A person’s stomach produces acids to help digest food, but if those acids enter the esophagus, one can be in for a real treat: raging heartburn. Gastroesophageal reflux, in some cases, leads to Barrett’s esophagus, a condition where cells from the small intestine start popping up in the lower esophagus, and Barrett’s esophagus can be a precursor to esophageal cancer. The biopsy (above) of the lining of an esophagus has dark blue cells, signaling that this person has Barrett’s.
The electron micrograph (above) shows what happens in the circulatory system of someone with human immunodeficiency virus (HIV). The blue in the image is a white blood cell, referred to as a CD4 positive T cell, and the cell is sprouting a new HIV particle, the polyp shown here in red and orange.
This pile (above) of what might look like nuts, fossils or even corals is actually of gallstones. Gallstones can form in a person’s gall bladder, a pear-shaped organ positioned under the liver; they vary in shape and size (from something comparable to a grain of salt to a ping pong ball), depending on the specific compounds from bile that harden to form them.

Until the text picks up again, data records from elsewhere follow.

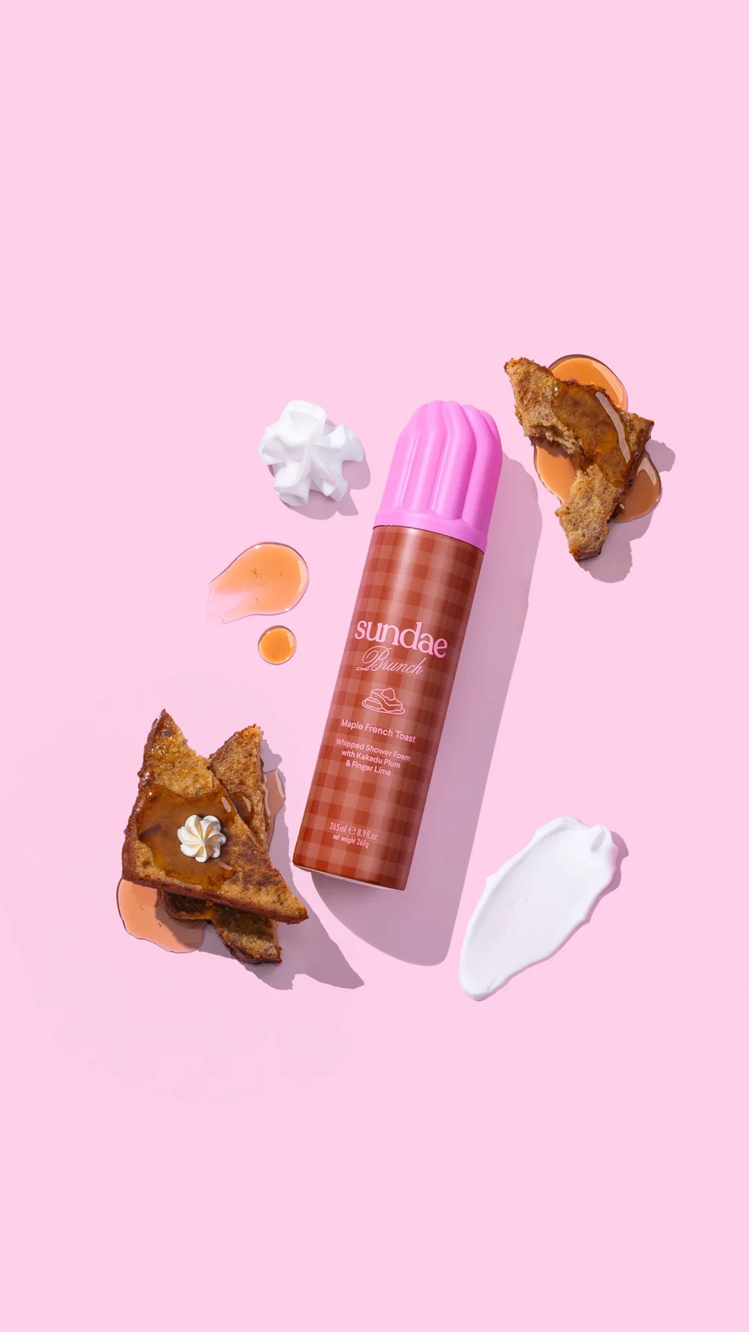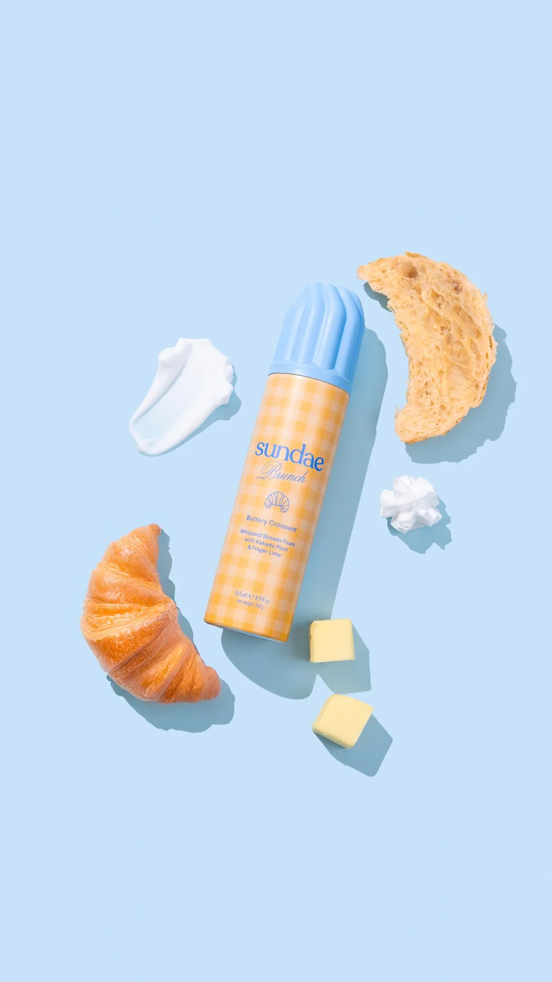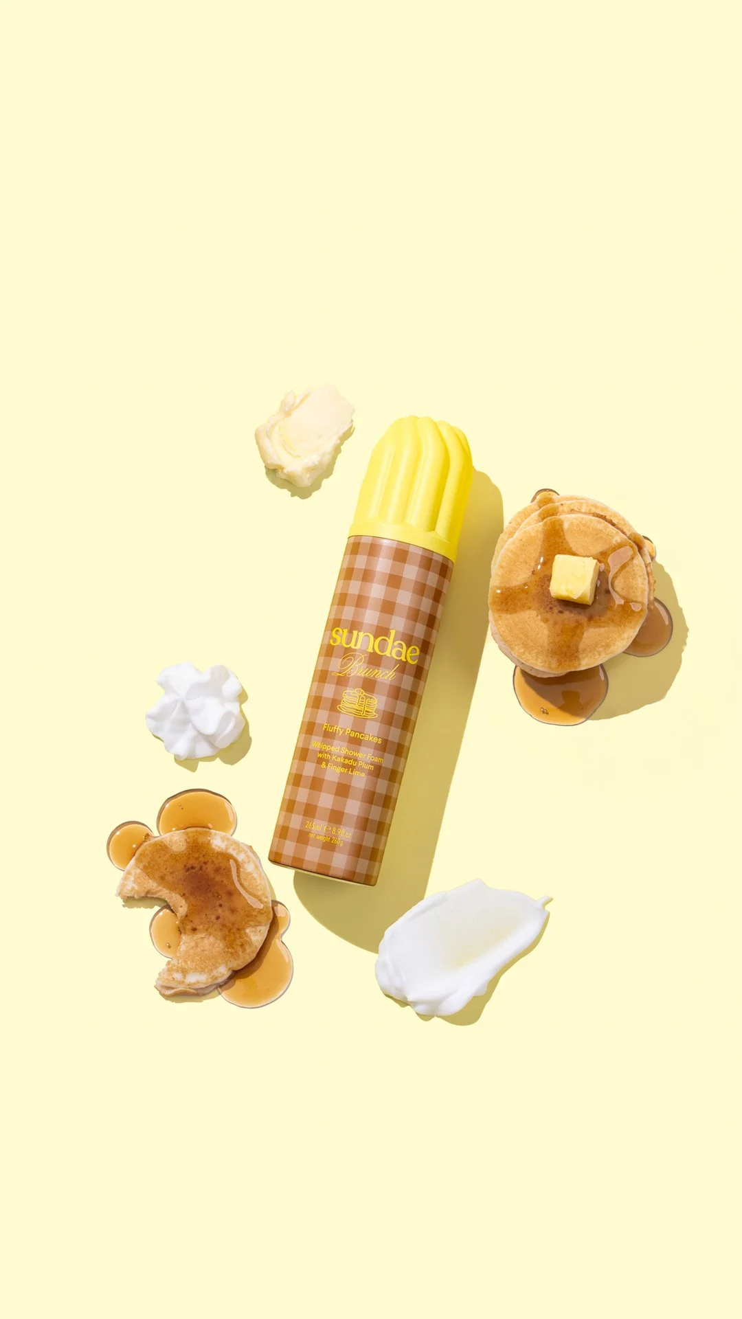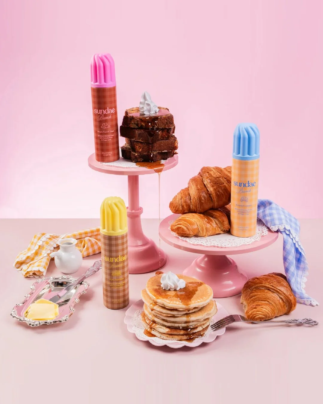 Packaging design for @sundaebody ‘Sundae Brunch’. The concept draws from nostalgic brunch settings and their sensory appeal, think gingham tablecloths, warm lighting and tones that mirror the scents in the range, Fluffy Pancakes, Buttery Croissant and Maple French Toast Foaming Body Wash.
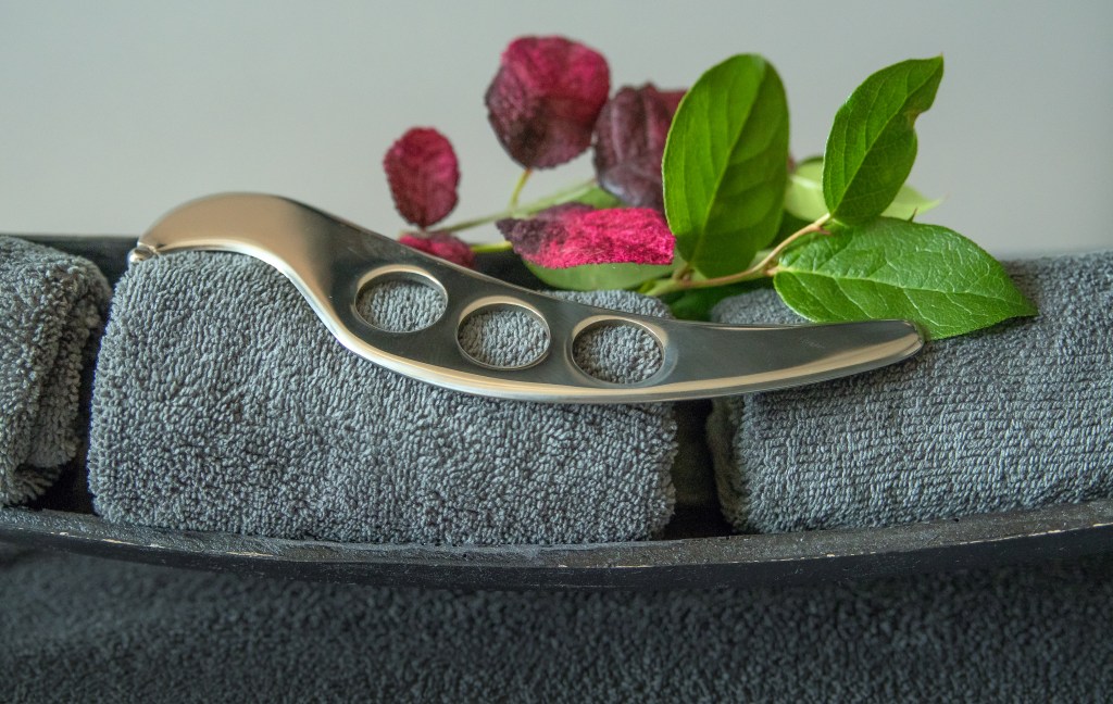 Garston bodyscraping bestaat uit het schrapen met een speciale schrapers over de huid waarop olie is aangebracht.
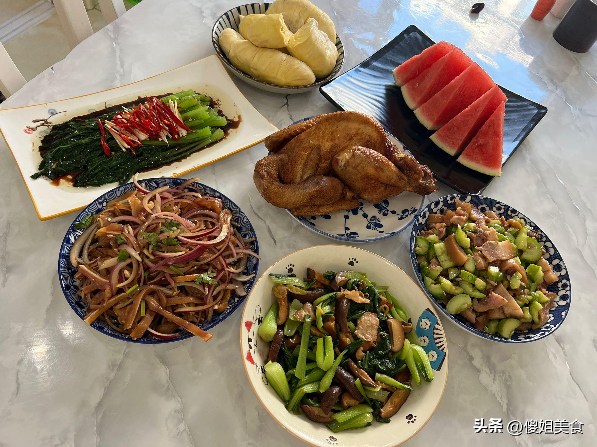 最後當然少不了水果。我們準備了兩種水果:西瓜和榴蓮。西瓜是清涼解暑的好選擇,而榴蓮則是我和大姑姐的最愛。雖然榴蓮的味道有點“重”,但它那濃郁的甜香讓人無法抗拒。大姑姐邊喫西瓜邊打趣道:“這桌飯菜,怕不是要喫破產吧,連榴蓮都準備上了!”大家聽了都哈哈大笑,雖然是句玩笑話,但也能看出她對這頓飯的滿意。
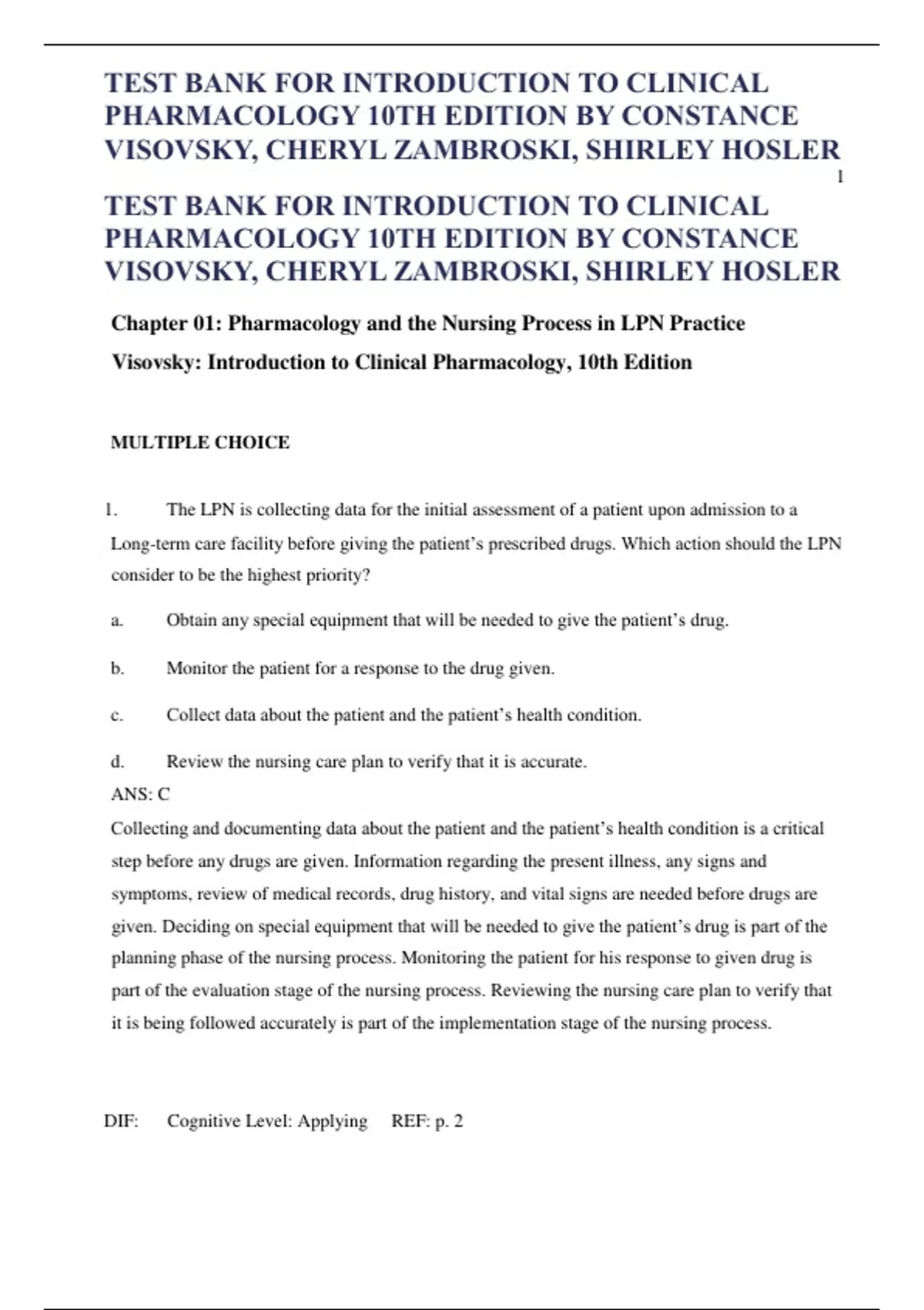 Chapter 01: Pharmacology and the Nursing Process in LPN Practice

According to estimates, about 2 billion people in the world have Hepatitis B virus (shown above), or HBV. Those who have contracted the virus, through contact with a carrier’s blood or other bodily fluids, can develop the liver disease, Hepatitis B. When chronic, Hepatitis B is known to cause cirrhosis and liver cancer.
When a person develops cirrhosis, typically from drinking alcohol in excess or a Hepatitis B or C infection, his or her liver tissue (shown above, in pink) is choked by fibrous tissue (in blue). The liver, which has a remarkable ability to regenerate when damaged, tries to produce more cells, but the restricting web of fibrous tissues ultimately causes the organ to shrink.
Emphysema (shown above, in a smoker’s lung) is the unfortunate side effect of another unhealthy habit, smoking. With the disease, what happens is that big gaps (seen as white spots in the image) develop in the lung tissue, which disrupt the exchange of oxygen and carbon dioxide and result in labored breathing. The black coloration on this sample is actual carbon that has built up from this person smoking packs and packs of cigarettes over a stretch of many years.